> _What needs to be done_
Retype all of the entries that appear below, keeping them exactly as they are.

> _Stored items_
· · ·

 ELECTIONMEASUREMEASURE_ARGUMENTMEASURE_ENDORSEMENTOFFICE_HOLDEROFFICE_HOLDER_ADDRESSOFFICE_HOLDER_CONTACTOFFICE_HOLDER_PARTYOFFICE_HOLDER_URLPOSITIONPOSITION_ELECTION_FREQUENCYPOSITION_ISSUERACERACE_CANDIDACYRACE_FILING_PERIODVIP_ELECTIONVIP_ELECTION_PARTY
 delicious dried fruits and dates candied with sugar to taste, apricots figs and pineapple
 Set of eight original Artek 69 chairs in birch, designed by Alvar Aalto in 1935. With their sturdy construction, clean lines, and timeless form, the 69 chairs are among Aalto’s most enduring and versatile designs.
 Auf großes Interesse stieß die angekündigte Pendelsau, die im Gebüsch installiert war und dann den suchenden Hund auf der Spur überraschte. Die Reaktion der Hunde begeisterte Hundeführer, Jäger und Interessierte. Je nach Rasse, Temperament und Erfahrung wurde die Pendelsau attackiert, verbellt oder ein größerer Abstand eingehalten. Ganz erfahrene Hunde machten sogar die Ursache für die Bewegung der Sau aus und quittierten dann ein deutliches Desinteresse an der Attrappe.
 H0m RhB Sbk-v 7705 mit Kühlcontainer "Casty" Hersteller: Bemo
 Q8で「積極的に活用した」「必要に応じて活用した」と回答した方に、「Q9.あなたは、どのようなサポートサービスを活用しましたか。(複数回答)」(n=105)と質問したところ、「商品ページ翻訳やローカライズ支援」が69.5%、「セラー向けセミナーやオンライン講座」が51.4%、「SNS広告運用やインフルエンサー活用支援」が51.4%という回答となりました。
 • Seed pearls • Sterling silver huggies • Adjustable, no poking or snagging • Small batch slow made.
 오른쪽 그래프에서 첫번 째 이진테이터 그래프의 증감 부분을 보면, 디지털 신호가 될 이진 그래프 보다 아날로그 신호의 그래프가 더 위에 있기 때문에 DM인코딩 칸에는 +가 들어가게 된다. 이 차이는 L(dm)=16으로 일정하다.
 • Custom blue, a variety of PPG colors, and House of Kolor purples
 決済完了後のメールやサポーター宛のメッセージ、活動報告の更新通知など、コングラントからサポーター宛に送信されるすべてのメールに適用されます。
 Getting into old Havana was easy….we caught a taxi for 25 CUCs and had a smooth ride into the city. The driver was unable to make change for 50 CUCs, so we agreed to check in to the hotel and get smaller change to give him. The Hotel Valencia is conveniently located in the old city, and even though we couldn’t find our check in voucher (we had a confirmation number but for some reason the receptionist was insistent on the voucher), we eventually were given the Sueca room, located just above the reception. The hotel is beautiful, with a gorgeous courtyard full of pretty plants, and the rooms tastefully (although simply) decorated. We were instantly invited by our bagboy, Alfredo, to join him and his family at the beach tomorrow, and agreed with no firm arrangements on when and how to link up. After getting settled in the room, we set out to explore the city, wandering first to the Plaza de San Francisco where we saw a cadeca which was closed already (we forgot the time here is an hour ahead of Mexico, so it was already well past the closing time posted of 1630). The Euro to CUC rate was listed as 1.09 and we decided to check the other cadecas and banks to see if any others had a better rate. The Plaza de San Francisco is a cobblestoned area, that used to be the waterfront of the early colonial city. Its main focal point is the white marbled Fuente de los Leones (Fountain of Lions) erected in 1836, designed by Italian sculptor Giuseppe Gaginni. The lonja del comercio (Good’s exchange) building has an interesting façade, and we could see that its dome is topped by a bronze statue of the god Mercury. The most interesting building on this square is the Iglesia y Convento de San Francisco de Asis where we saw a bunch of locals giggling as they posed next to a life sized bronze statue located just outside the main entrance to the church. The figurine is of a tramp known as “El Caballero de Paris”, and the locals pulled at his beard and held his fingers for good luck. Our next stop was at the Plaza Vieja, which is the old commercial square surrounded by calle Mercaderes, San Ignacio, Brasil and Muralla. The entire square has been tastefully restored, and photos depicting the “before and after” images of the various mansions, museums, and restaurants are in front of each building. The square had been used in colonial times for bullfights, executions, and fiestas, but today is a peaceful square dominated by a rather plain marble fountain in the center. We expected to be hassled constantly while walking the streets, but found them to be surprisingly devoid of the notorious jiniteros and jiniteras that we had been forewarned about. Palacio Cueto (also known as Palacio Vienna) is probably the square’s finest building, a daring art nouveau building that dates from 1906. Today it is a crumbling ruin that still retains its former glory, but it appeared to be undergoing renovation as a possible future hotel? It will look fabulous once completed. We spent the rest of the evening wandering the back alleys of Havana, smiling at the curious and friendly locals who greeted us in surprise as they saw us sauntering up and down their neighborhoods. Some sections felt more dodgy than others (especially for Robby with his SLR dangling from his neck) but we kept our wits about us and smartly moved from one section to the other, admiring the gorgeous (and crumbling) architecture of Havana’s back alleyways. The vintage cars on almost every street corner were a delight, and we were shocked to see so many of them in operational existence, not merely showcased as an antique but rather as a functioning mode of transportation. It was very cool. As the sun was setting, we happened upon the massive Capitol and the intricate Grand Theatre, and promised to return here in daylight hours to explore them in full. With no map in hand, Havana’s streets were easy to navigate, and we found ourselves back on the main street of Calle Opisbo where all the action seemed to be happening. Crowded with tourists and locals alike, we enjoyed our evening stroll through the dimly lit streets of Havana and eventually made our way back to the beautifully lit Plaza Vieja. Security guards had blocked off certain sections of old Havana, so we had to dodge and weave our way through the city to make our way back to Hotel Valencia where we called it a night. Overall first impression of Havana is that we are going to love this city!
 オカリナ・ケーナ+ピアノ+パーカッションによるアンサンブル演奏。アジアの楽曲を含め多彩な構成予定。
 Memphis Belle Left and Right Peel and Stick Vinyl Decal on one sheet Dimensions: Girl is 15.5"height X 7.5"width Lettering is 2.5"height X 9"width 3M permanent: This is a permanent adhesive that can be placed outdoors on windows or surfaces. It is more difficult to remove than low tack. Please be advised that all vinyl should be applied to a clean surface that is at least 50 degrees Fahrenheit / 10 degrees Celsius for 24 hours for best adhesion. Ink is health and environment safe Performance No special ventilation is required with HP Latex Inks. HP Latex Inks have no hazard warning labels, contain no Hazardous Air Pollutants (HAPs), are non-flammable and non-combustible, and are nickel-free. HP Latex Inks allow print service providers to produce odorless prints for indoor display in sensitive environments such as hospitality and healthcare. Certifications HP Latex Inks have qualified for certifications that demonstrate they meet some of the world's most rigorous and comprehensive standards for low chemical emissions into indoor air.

· · ·

> _Finished task_
 ELECTIONMEASUREMEASURE_ARGUMENTMEASURE_ENDORSEMENTOFFICE_HOLDEROFFICE_HOLDER_ADDRESSOFFICE_HOLDER_CONTACTOFFICE_HOLDER_PARTYOFFICE_HOLDER_URLPOSITIONPOSITION_ELECTION_FREQUENCYPOSITION_ISSUERACERACE_CANDIDACYRACE_FILING_PERIODVIP_ELECTIONVIP_ELECTION_PARTY
 delicious dried fruits and dates candied with sugar to taste, apricots figs and pineapple
 Set of eight original Artek 69 chairs in birch, designed by Alvar Aalto in 1935. With their sturdy construction, clean lines, and timeless form, the 69 chairs are among Aalto’s most enduring and versatile designs.
 Auf großes Interesse stieß die angekündigte Pendelsau, die im Gebüsch installiert war und dann den suchenden Hund auf der Spur überraschte. Die Reaktion der Hunde begeisterte Hundeführer, Jäger und Interessierte. Je nach Rasse, Temperament und Erfahrung wurde die Pendelsau attackiert, verbellt oder ein größerer Abstand eingehalten. Ganz erfahrene Hunde machten sogar die Ursache für die Bewegung der Sau aus und quittierten dann ein deutliches Desinteresse an der Attrappe.
 H0m RhB Sbk-v 7705 mit Kühlcontainer "Casty" Hersteller: Bemo
 Q8で「積極的に活用した」「必要に応じて活用した」と回答した方に、「Q9.あなたは、どのようなサポートサービスを活用しましたか。(複数回答)」(n=105)と質問したところ、「商品ページ翻訳やローカライズ支援」が69.5%、「セラー向けセミナーやオンライン講座」が51.4%、「SNS広告運用やインフルエンサー活用支援」が51.4%という回答となりました。
 • Seed pearls • Sterling silver huggies • Adjustable, no poking or snagging • Small batch slow made.
 오른쪽 그래프에서 첫번 째 이진테이터 그래프의 증감 부분을 보면, 디지털 신호가 될 이진 그래프 보다 아날로그 신호의 그래프가 더 위에 있기 때문에 DM인코딩 칸에는 +가 들어가게 된다. 이 차이는 L(dm)=16으로 일정하다.
 • Custom blue, a variety of PPG colors, and House of Kolor purples
 決済完了後のメールやサポーター宛のメッセージ、活動報告の更新通知など、コングラントからサポーター宛に送信されるすべてのメールに適用されます。
 Getting into old Havana was easy….we caught a taxi for 25 CUCs and had a smooth ride into the city. The driver was unable to make change for 50 CUCs, so we agreed to check in to the hotel and get smaller change to give him. The Hotel Valencia is conveniently located in the old city, and even though we couldn’t find our check in voucher (we had a confirmation number but for some reason the receptionist was insistent on the voucher), we eventually were given the Sueca room, located just above the reception. The hotel is beautiful, with a gorgeous courtyard full of pretty plants, and the rooms tastefully (although simply) decorated. We were instantly invited by our bagboy, Alfredo, to join him and his family at the beach tomorrow, and agreed with no firm arrangements on when and how to link up. After getting settled in the room, we set out to explore the city, wandering first to the Plaza de San Francisco where we saw a cadeca which was closed already (we forgot the time here is an hour ahead of Mexico, so it was already well past the closing time posted of 1630). The Euro to CUC rate was listed as 1.09 and we decided to check the other cadecas and banks to see if any others had a better rate. The Plaza de San Francisco is a cobblestoned area, that used to be the waterfront of the early colonial city. Its main focal point is the white marbled Fuente de los Leones (Fountain of Lions) erected in 1836, designed by Italian sculptor Giuseppe Gaginni. The lonja del comercio (Good’s exchange) building has an interesting façade, and we could see that its dome is topped by a bronze statue of the god Mercury. The most interesting building on this square is the Iglesia y Convento de San Francisco de Asis where we saw a bunch of locals giggling as they posed next to a life sized bronze statue located just outside the main entrance to the church. The figurine is of a tramp known as “El Caballero de Paris”, and the locals pulled at his beard and held his fingers for good luck. Our next stop was at the Plaza Vieja, which is the old commercial square surrounded by calle Mercaderes, San Ignacio, Brasil and Muralla. The entire square has been tastefully restored, and photos depicting the “before and after” images of the various mansions, museums, and restaurants are in front of each building. The square had been used in colonial times for bullfights, executions, and fiestas, but today is a peaceful square dominated by a rather plain marble fountain in the center. We expected to be hassled constantly while walking the streets, but found them to be surprisingly devoid of the notorious jiniteros and jiniteras that we had been forewarned about. Palacio Cueto (also known as Palacio Vienna) is probably the square’s finest building, a daring art nouveau building that dates from 1906. Today it is a crumbling ruin that still retains its former glory, but it appeared to be undergoing renovation as a possible future hotel? It will look fabulous once completed. We spent the rest of the evening wandering the back alleys of Havana, smiling at the curious and friendly locals who greeted us in surprise as they saw us sauntering up and down their neighborhoods. Some sections felt more dodgy than others (especially for Robby with his SLR dangling from his neck) but we kept our wits about us and smartly moved from one section to the other, admiring the gorgeous (and crumbling) architecture of Havana’s back alleyways. The vintage cars on almost every street corner were a delight, and we were shocked to see so many of them in operational existence, not merely showcased as an antique but rather as a functioning mode of transportation. It was very cool. As the sun was setting, we happened upon the massive Capitol and the intricate Grand Theatre, and promised to return here in daylight hours to explore them in full. With no map in hand, Havana’s streets were easy to navigate, and we found ourselves back on the main street of Calle Opisbo where all the action seemed to be happening. Crowded with tourists and locals alike, we enjoyed our evening stroll through the dimly lit streets of Havana and eventually made our way back to the beautifully lit Plaza Vieja. Security guards had blocked off certain sections of old Havana, so we had to dodge and weave our way through the city to make our way back to Hotel Valencia where we called it a night. Overall first impression of Havana is that we are going to love this city!
 オカリナ・ケーナ+ピアノ+パーカッションによるアンサンブル演奏。アジアの楽曲を含め多彩な構成予定。
 Memphis Belle Left and Right Peel and Stick Vinyl Decal on one sheet Dimensions: Girl is 15.5"height X 7.5"width Lettering is 2.5"height X 9"width 3M permanent: This is a permanent adhesive that can be placed outdoors on windows or surfaces. It is more difficult to remove than low tack. Please be advised that all vinyl should be applied to a clean surface that is at least 50 degrees Fahrenheit / 10 degrees Celsius for 24 hours for best adhesion. Ink is health and environment safe Performance No special ventilation is required with HP Latex Inks. HP Latex Inks have no hazard warning labels, contain no Hazardous Air Pollutants (HAPs), are non-flammable and non-combustible, and are nickel-free. HP Latex Inks allow print service providers to produce odorless prints for indoor display in sensitive environments such as hospitality and healthcare. Certifications HP Latex Inks have qualified for certifications that demonstrate they meet some of the world's most rigorous and comprehensive standards for low chemical emissions into indoor air.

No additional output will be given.